_TASK DIRECTIONS:_
The whole listing, exactly as given: write it out, leaving out each image.

_EXERCISE DATA:_

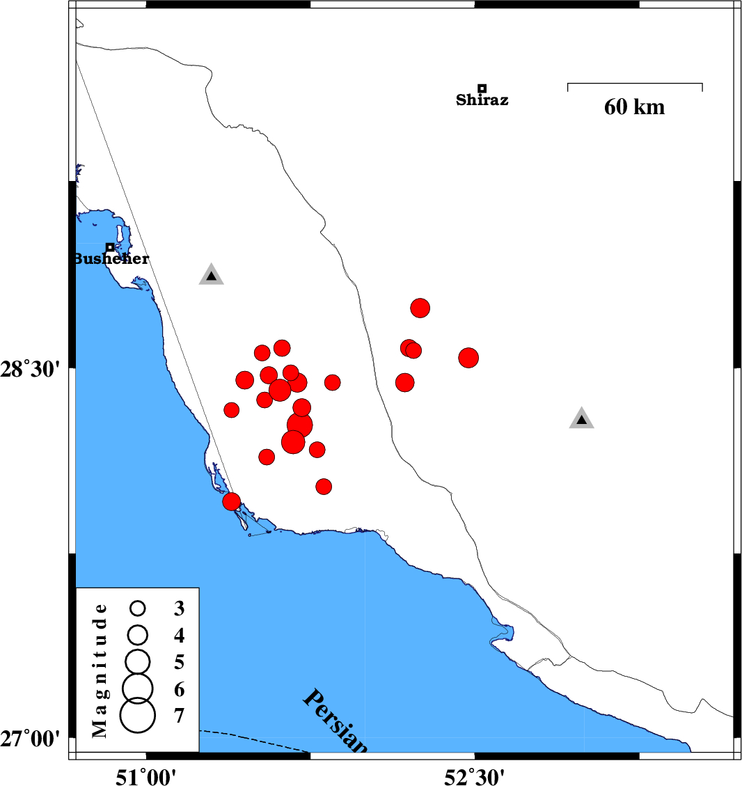 | 2013/04/27 | 11:07:17.8 | 15:37:17.8 | 27.96 | 51.39 | 28 | ML3.6 | Persian Gulf, 77 km South of Khormog | ||
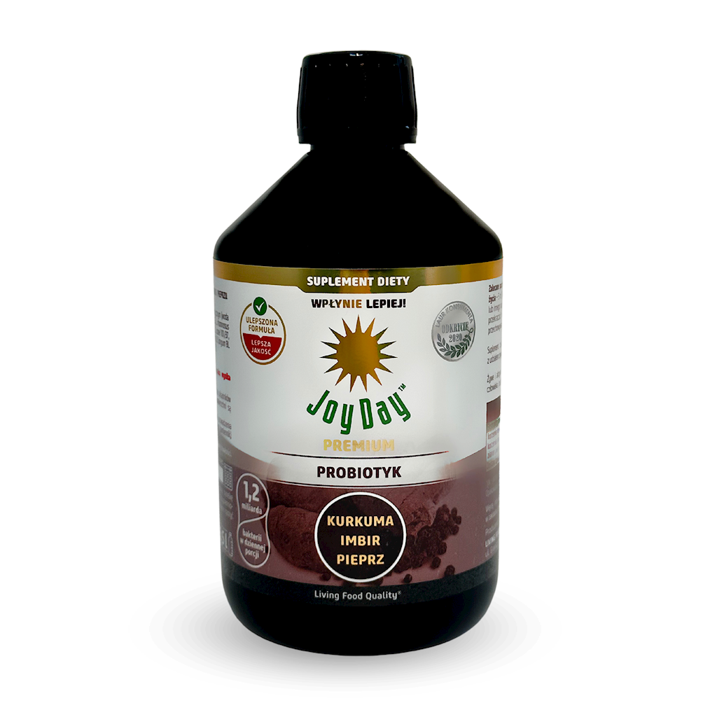 zestaw żywych szczepów bakterii probiotycznych w postaci płynnej (4×10*7jtk/ml) (Lactobacillus rhamnosus GG, Lactobacillus rhamnosus LR 04, Lactobacillus rhamnosus LR 05, Lactobacillus acidophilus LA 1, Lactobacillus delbrueckii ssp. bulgaricus LB 2, Lactobacillus casei 101/37, Lactobacillus plantarum LP 02, Lactobacillus plantarum LP 01, Lactobacillus fermentum LF2, Bifidobacterium breve BL 10, Bifidobacterium breve Bbr 8, Bifidobacterium longum BL 03, Bifidobacterium animals ssp. lactis Bi 1, Streptococcus thermophilus Z57, Streptococcus thermophilus 9Y), ekstrakt z fermentowanych składników roślinnych* 40% (w tym korzeń kurkumy* 49%, korzeń imbiru* 49%, ziarna pieprzu* 2%) (*certyfikowany składnik ekologiczny)
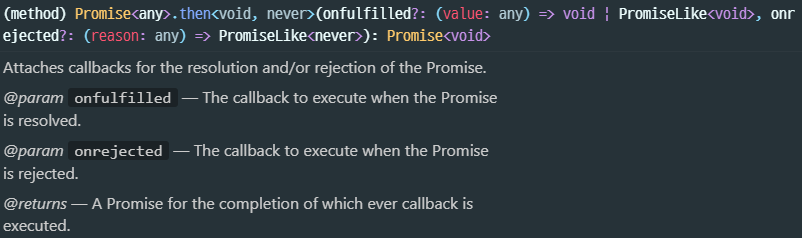 - 위의 문서에 적힌 설명을 읽어보면 onfulfilled(성공)인 경우 value를 paramter로 사용하고, onrejected(실패)인 경우 reason을 사용한다고 나와 있다. 맨 마지막에 @returns 부분을 읽어보면 실행된 callback이 완료될 경우, 그 결과값을 갖고 있는 promise를 반환한다는 것을 알 수 있다.

_ANSWER SECTION:_
 | 2013/04/27 | 11:07:17.8 | 15:37:17.8 | 27.96 | 51.39 | 28 | ML3.6 | Persian Gulf, 77 km South of Khormog | ||
 zestaw żywych szczepów bakterii probiotycznych w postaci płynnej (4×10*7jtk/ml) (Lactobacillus rhamnosus GG, Lactobacillus rhamnosus LR 04, Lactobacillus rhamnosus LR 05, Lactobacillus acidophilus LA 1, Lactobacillus delbrueckii ssp. bulgaricus LB 2, Lactobacillus casei 101/37, Lactobacillus plantarum LP 02, Lactobacillus plantarum LP 01, Lactobacillus fermentum LF2, Bifidobacterium breve BL 10, Bifidobacterium breve Bbr 8, Bifidobacterium longum BL 03, Bifidobacterium animals ssp. lactis Bi 1, Streptococcus thermophilus Z57, Streptococcus thermophilus 9Y), ekstrakt z fermentowanych składników roślinnych* 40% (w tym korzeń kurkumy* 49%, korzeń imbiru* 49%, ziarna pieprzu* 2%) (*certyfikowany składnik ekologiczny)
 - 위의 문서에 적힌 설명을 읽어보면 onfulfilled(성공)인 경우 value를 paramter로 사용하고, onrejected(실패)인 경우 reason을 사용한다고 나와 있다. 맨 마지막에 @returns 부분을 읽어보면 실행된 callback이 완료될 경우, 그 결과값을 갖고 있는 promise를 반환한다는 것을 알 수 있다.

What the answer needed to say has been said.